Reproduce the listing in full. Omit the pictures.

• EXERCISE DATA:
++++

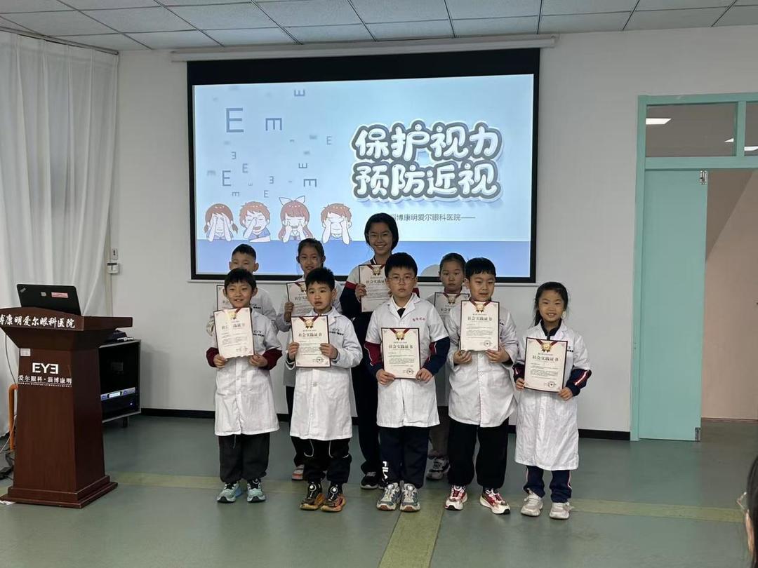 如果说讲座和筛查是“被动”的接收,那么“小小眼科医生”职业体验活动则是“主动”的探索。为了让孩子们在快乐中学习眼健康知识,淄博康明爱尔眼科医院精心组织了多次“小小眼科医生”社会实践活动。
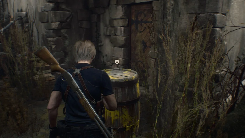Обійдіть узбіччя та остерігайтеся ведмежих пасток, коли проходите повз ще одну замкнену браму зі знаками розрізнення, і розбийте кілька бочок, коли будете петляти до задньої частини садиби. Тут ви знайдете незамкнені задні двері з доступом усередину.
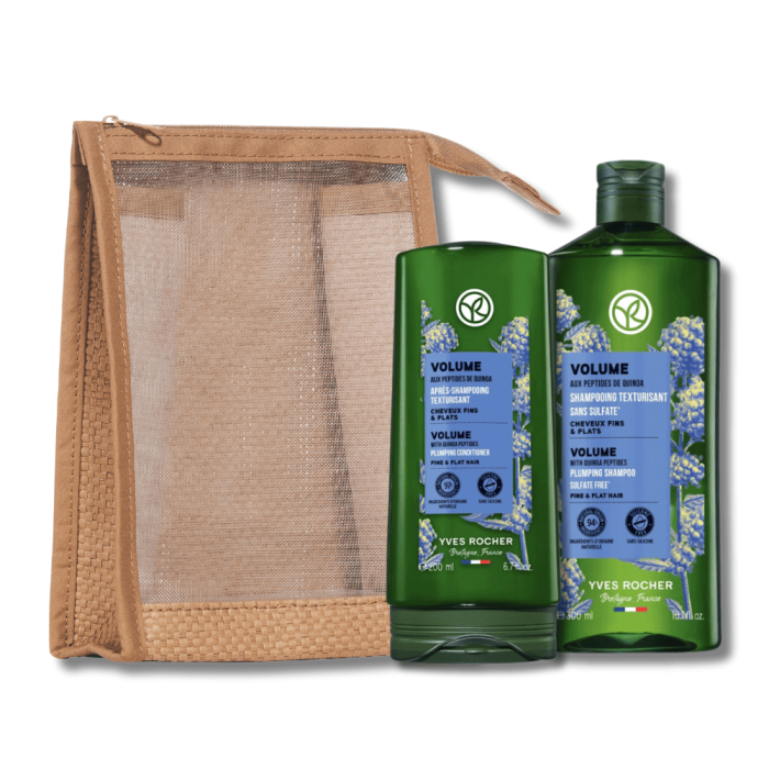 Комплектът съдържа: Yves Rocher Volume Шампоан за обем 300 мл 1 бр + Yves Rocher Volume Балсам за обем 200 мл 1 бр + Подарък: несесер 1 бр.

++++

• REPLY:
 如果说讲座和筛查是“被动”的接收,那么“小小眼科医生”职业体验活动则是“主动”的探索。为了让孩子们在快乐中学习眼健康知识,淄博康明爱尔眼科医院精心组织了多次“小小眼科医生”社会实践活动。
Обійдіть узбіччя та остерігайтеся ведмежих пасток, коли проходите повз ще одну замкнену браму зі знаками розрізнення, і розбийте кілька бочок, коли будете петляти до задньої частини садиби. Тут ви знайдете незамкнені задні двері з доступом усередину.
 Комплектът съдържа: Yves Rocher Volume Шампоан за обем 300 мл 1 бр + Yves Rocher Volume Балсам за обем 200 мл 1 бр + Подарък: несесер 1 бр.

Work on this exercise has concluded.